Each Party represents and warrants to the other Party that: (i) it is duly organized, validly existing and in good standing as a corporation or other entity as represented herein under the laws and regulations of its jurisdiction of incorporation, organization or chartering; (ii) it has the full right, power and authority to enter into this Agreement, to grant the rights granted hereunder and to perform its obligations hereunder; (iii) it owns or has rightful legal interest in and to any equipment or materials provided by the Party being utilized in connection with the services provided in this Agreement (iv) the execution of this the Agreement by its Representative whose signature is set forth at the end hereof has been duly authorized by all necessary corporate action of the Party; and (v) when executed and delivered by such Party, this Agreement will constitute the legal, valid and binding obligation of such Party, enforceable against such Party in accordance with its terms.

 

8. INDEMNITY; LIMITATION ON LIABILITY

 

a.                    Indemnity of Salinas and MCOA. VBF and SIGO hereby indemnifies and holds Salinas and MCOA (along with its directors, officers, employees, agents, and shareholders) harmless from any liability, cost or expense (including reasonable attorneys’ fees) arising out of any claim asserted by a third party against MCOA or Salinas which claim is based on a breach by VBF, SIGO or Livacich of their obligations hereunder and/or the gross negligence or intentionally wrongful acts or omissions of VBF, SIGO or Livacich in the performance of their obligations and responsibilities under this Agreement, including, without limitation: (i) VBF, SIGO and Livacich’s use the Licensed Premises prior to the execution of this Agreement, or of VBF, SIGO and Livacich’s use of the equipment at the Licensed Premises prior to the execution of this Agreement; and, (ii) events or circumstances that transpired between VBF, SIGO and/or Livacich and thirdparties prior to the execution of this Agreement.
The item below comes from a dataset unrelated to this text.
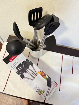[This review was collected as part of a promotion.] Beautiful little set of kitchen utensils that include a sleek holder. Made from silicone and nylon which makes them safe to use in your non-stick pans. So far they seem durable and clean easily in the dishwasher. It also looks so sleek on your kitchen counter. Has every utensil you need to start cooking, perfect for young adults starting out or a quick kitchen refresh.
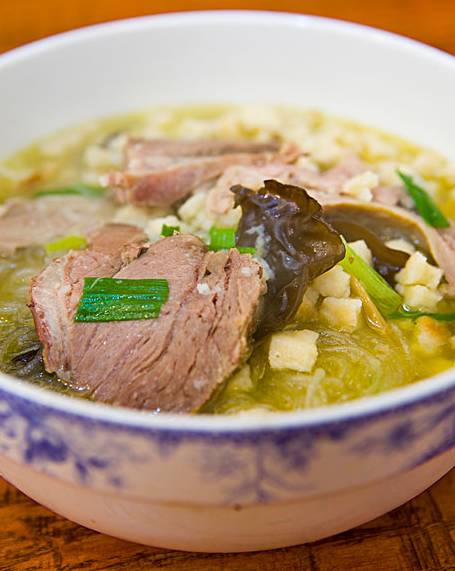 大名鼎鼎的羊肉泡馍是采用牛羊肉汤和煮好的肉与掰碎的饦饦馍进行烹制,料重味醇,肉烂汤浓,香气四溢。你可以将馍一点一点掰得细碎丢进汤里,享受羊汤泡馍的滋味,或者一口汤一口饼,再夹大块的羊肉慢慢咀嚼,吸溜两口粉丝,那感觉棒棒哒!

If Salinas seeks indemnification from VBF, SIGO or Livacich, it shall give VBF, SIGO and/or Livacich notice of such claim, and VBF, SIGO or Livacich shall defend and settle such claim at their sole expense, provided that Salinas and MCOA shall cooperate in such defense, and further provided that Salinas and MCOA may elect to engage counsel to participate in such defense at its own expense.

 

b.                    Indemnity of VBF, SIGO and Livacich. Salinas and MCOA hereby indemnifies and holds VBF, SIGO and Livacich (along with its directors, officers, employees, agents, and shareholders) harmless from any liability, cost or expense (including reasonable attorneys’ fees) or any suit, action, liability, proceeding, or governmental investigation, pending or threatened, whether based on statute, regulation or order, tort, contract or otherwise, before any court or governmental authority, arising out of any claim asserted by a third party against VBF, SIGO and Livacich which claim is based on or arising from (i) a breach of any representation, warranty or covenant set forth in this Agreement; (ii) a breach by MCOA or Salinas of their respective obligations hereunder and in the performance of their respective obligations and responsibilities under this Agreement; or, (iii) gross negligence or intentionally wrongful acts of MCOA or Salinas. If VBF, SIGO or Livacich seeks indemnification from Salinas/MCOA, it shall give Salinas/MCOA notice of such claim, and Salinas and MCOA shall defend and settle such claim at its sole expense, provided that VBF, SIGO and Livacich shall cooperate in such defense, and further provided that VBF, SIGO and Livacich may elect to engage counsel to participate in such defense at their own expense.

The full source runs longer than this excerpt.